To some extent, this is obviously happening in the packaging industry. Disciplines, including digital printing and radio frequency identification, are obvious areas that are waiting on the sidelines to be tapped into wholesale.

The trouble is that the seeds of profit need to be regularly watered by investors with vision… the vision to understand that old adage that explains the need to speculate in order to accumulate.

I am not saying that all sectors of our industry are laying to waste avenues of opportunity. I am saying some are being forced to restrict their growth in a cold climate… and, by doing so, will only serve to make the climate colder.

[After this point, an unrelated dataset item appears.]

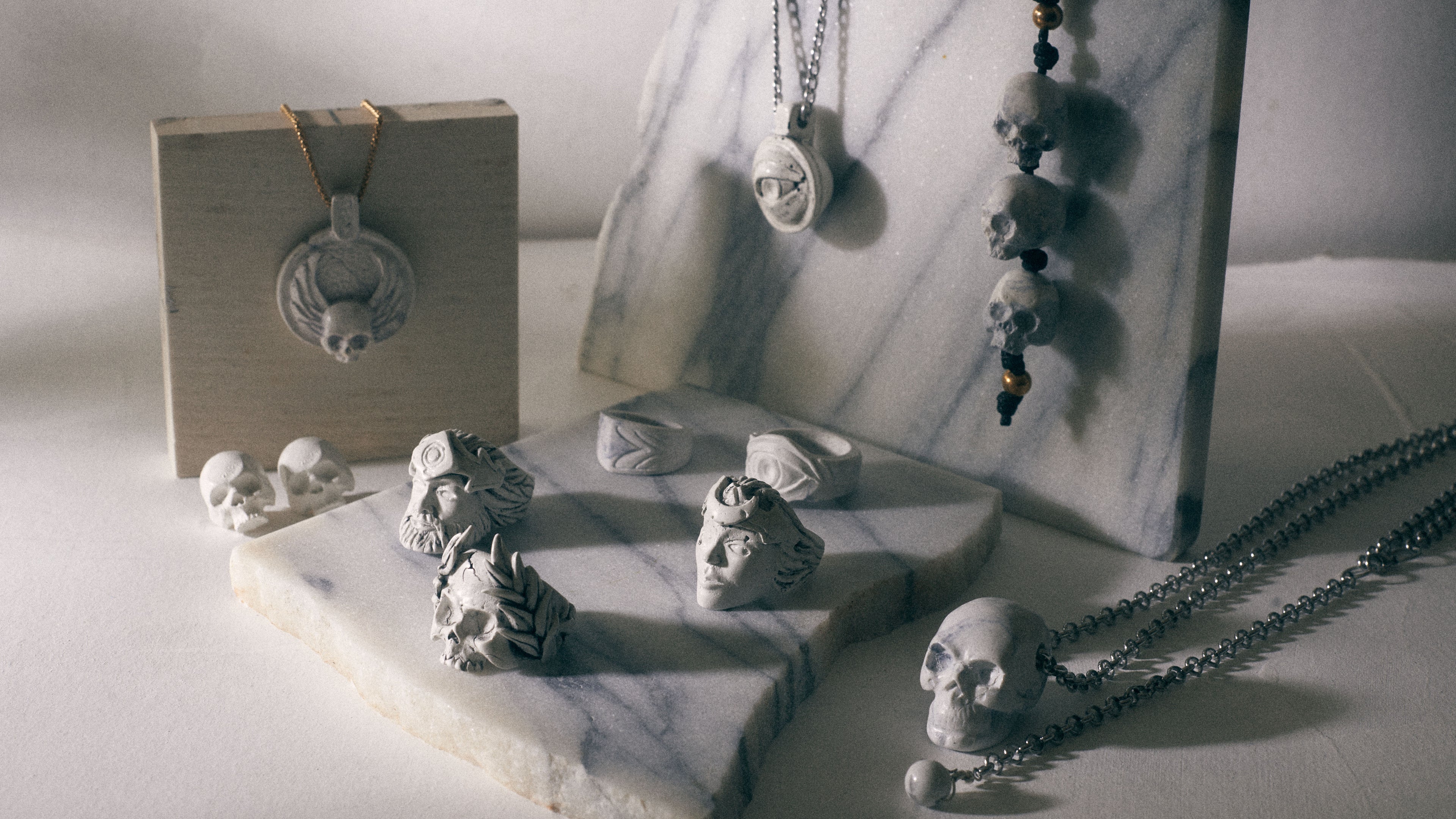 Handcrafted skull rings, necklaces & pins inspired by alchemy and mythology

Digital printing was introduced to the industry with a great fanfare of trumpets, but its progress is slow, presumably because of high material costs and the necessary workload to enable users to recover their costs in a reasonable time frame. In the meantime, flexo is riding on the crest of a wave, presumably very much at digital’s expense.

Some new disciplines, of course, require the right infrastructure to flower… and RFID is just one of these disciplines. RFID offers many sectors of our industry immense advantages but, in many instances, it will affect all links of the packaging chain. It is an avenue which must be travelled down and leading retailers such as M&S are signposting the way.